5.1 Buisness Studies
5.1 Buisness Studies
5.1 Buisness Studies
Sources of Finance
Internal finance is obtained from within the business itself.
Retained Profit: profit kept in the business after owners have been given
their share of the profit. Firms can invest this profit back in the
businesses.
Advantages:
– Does not have to be repaid, unlike, a loan.

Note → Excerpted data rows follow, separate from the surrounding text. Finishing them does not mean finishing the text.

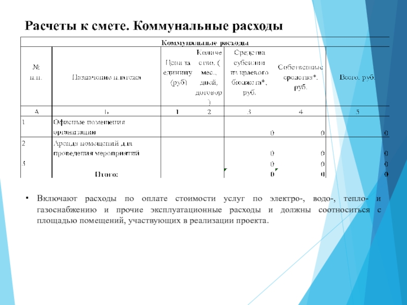 Слайд 54Расчеты к смете. Коммунальные расходы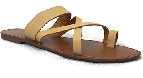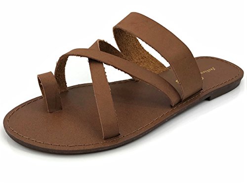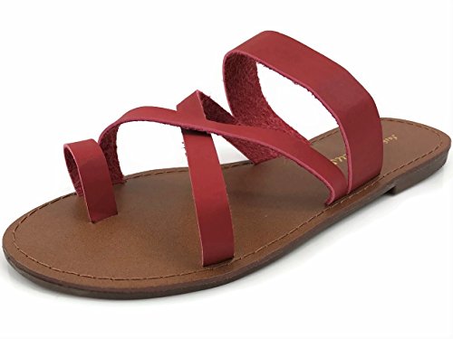 Product Description Toe Ring Sandal Featuring Quality Faux Leather Criss Cross straps and easy slip on style. Very comfortable flip flop sandal. Comfy for beach wear and great fashion statement for your Summer waredrobe. 0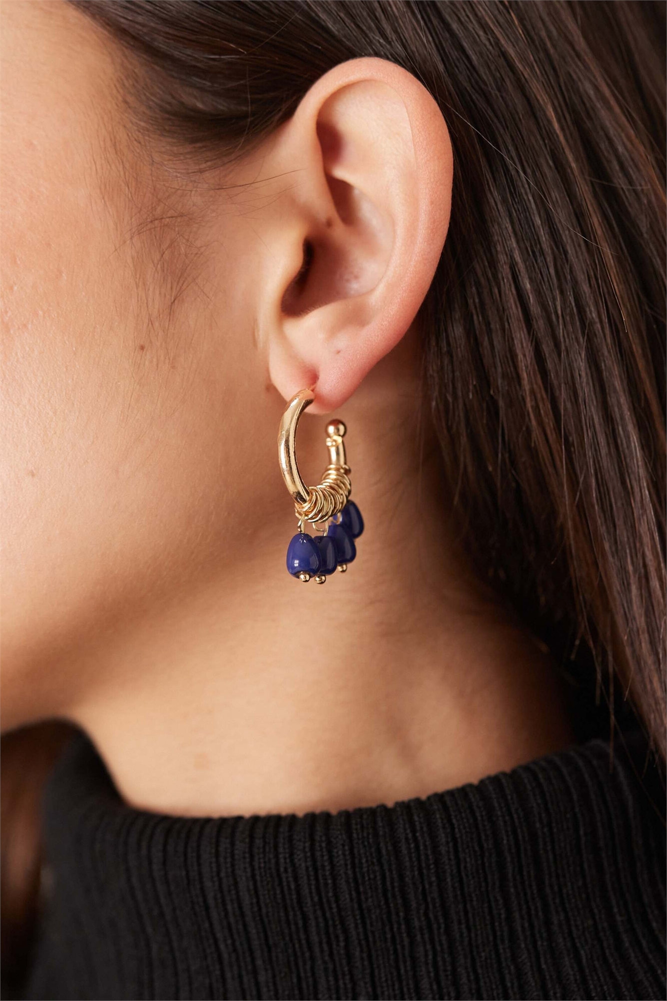 Серьги-кольца с бусинами цвета сиенны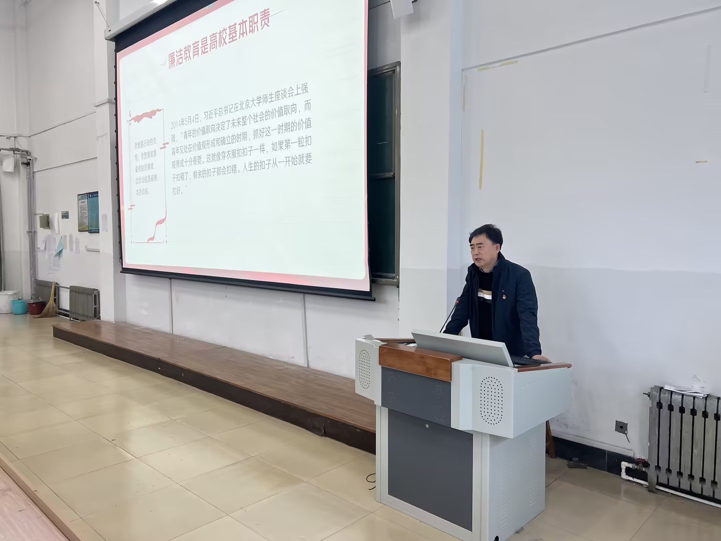 为贯彻落实好省委教育工委关于新时代廉洁文化建设精神,响应学校“清廉商务”文化建设主题活动号召,11月28日,机关第一党支部经过精心筹划、充分准备,为智能制造学院学生开展了廉洁思政大课堂活动。学校纪委委员、机关第一党支部书记孙琳作了主题为“厚植廉洁文化根基,加强青年廉洁教育”的报告,机关第一党支部全体党员及智能制造学院师生300余人参加学习活动。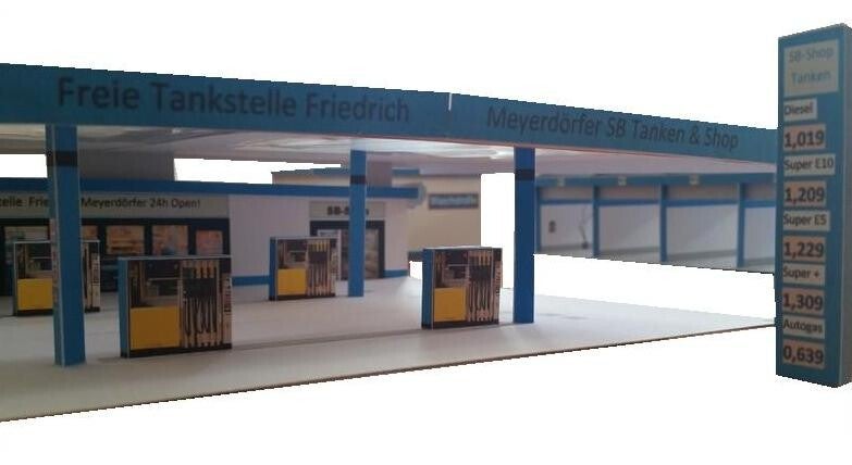 Mit vielen Details wie Zapfsäulen, Preistafel, Füllklappen u.v.m.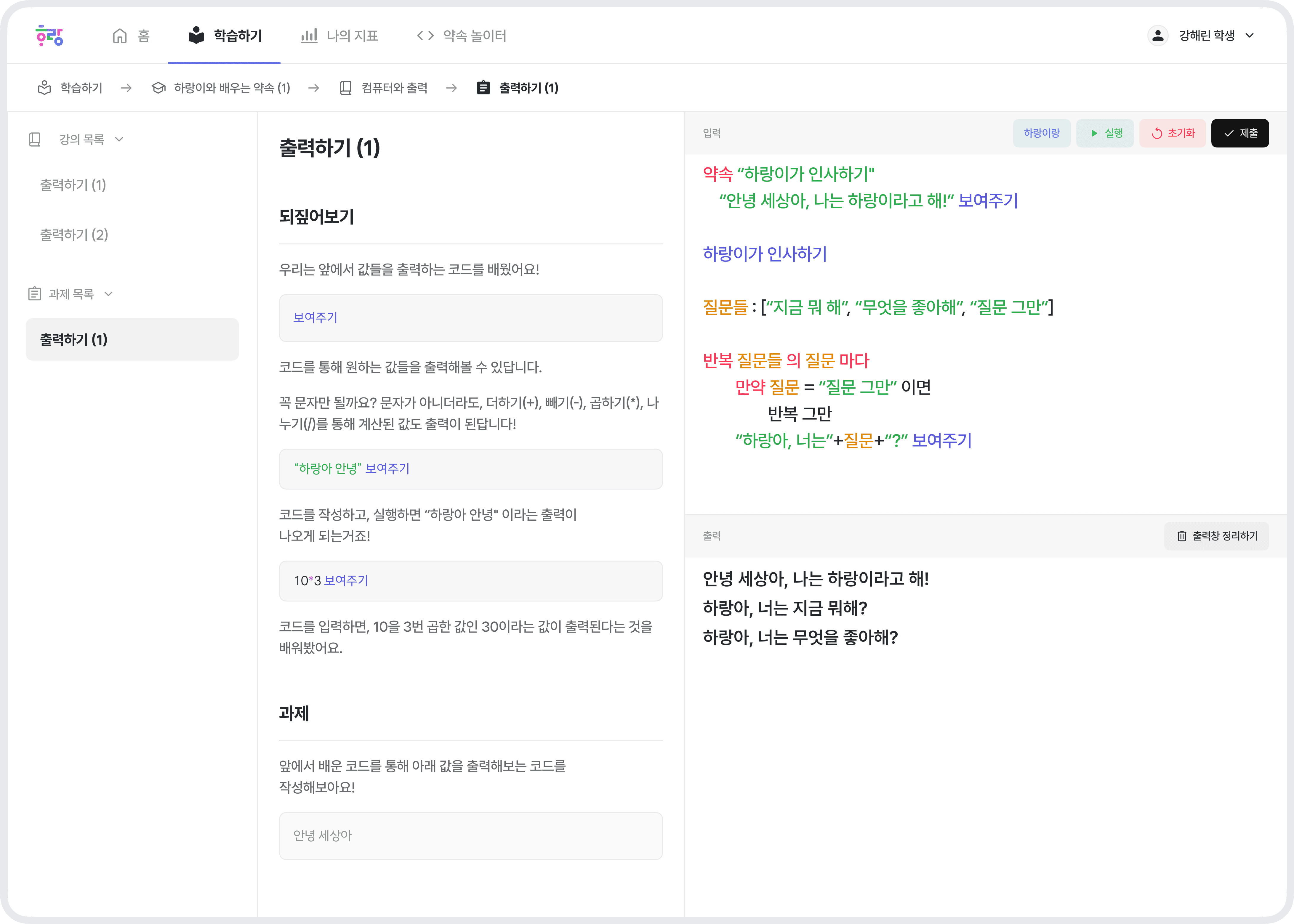 호랑 덕분에 코딩 도전이 즐거운 경험이 되었어요.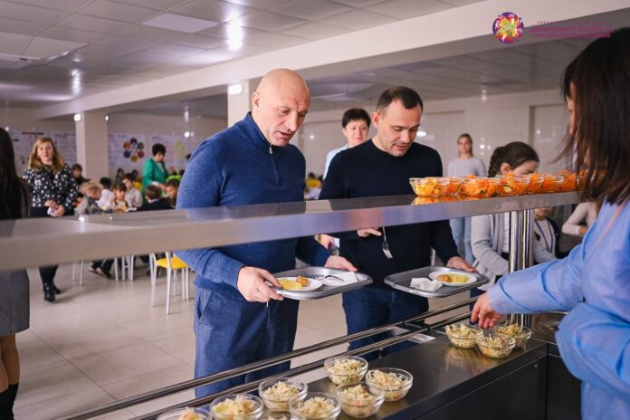 Під час візиту міський голова разом із дітьми навіть скуштував страви зі шкільного меню.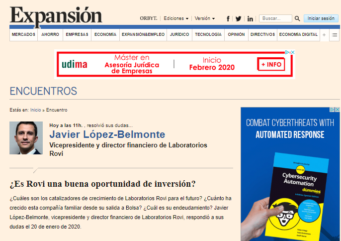 “Seguimos avanzando en la fase de aprobación de Doria® y ahora nos encontramos más cerca de su comercialización. Confiamos en el potencial del producto y esperamos poder ofrecer pronto una alternativa terapéutica para el tratamiento de esta grave enfermedad crónica y progresiva” ha declarado Juan López-Belmonte, Consejero Delegado de ROVI.

– No interest has to be paid
Disadvantages:
– A new business will not have retained profit
– Profits may be too low to finance
– Keeping more profits to be used as capital will reduce owner’s share of
profit and they may resist the decision.
Sale of existing assets: assets that the business doesn’t need anymore,
for example, unused buildings or spare equipment can be sold to raise
finance
Advantages:
– Makes better use of capital tied up in the business
– Does not become debt for the business, unlike a loan.
Disadvantages:
– Surplus assets will not be available with new businesses
– Takes time to sell the asset and the expected amount may not be
gained for the asset
Sale of inventories: sell of finished goods or unwanted components in
inventory.
Advantage:
– Reduces costs of inventory holding
Disadvantage:
– If not enough inventory is kept, unexpected increase demand form
customers cannot be fulfilled
Owner’s savings: For a sole trader and partnership, since they’re
unincorporated (owners and business is not separate), any finance the
owner directly invests from hos own saving will be internal finance.
Advantages:
– Will be available to the firm quickly
– No interest has to be paid.
Disadvantages:
– Increases the risk taken by the owners.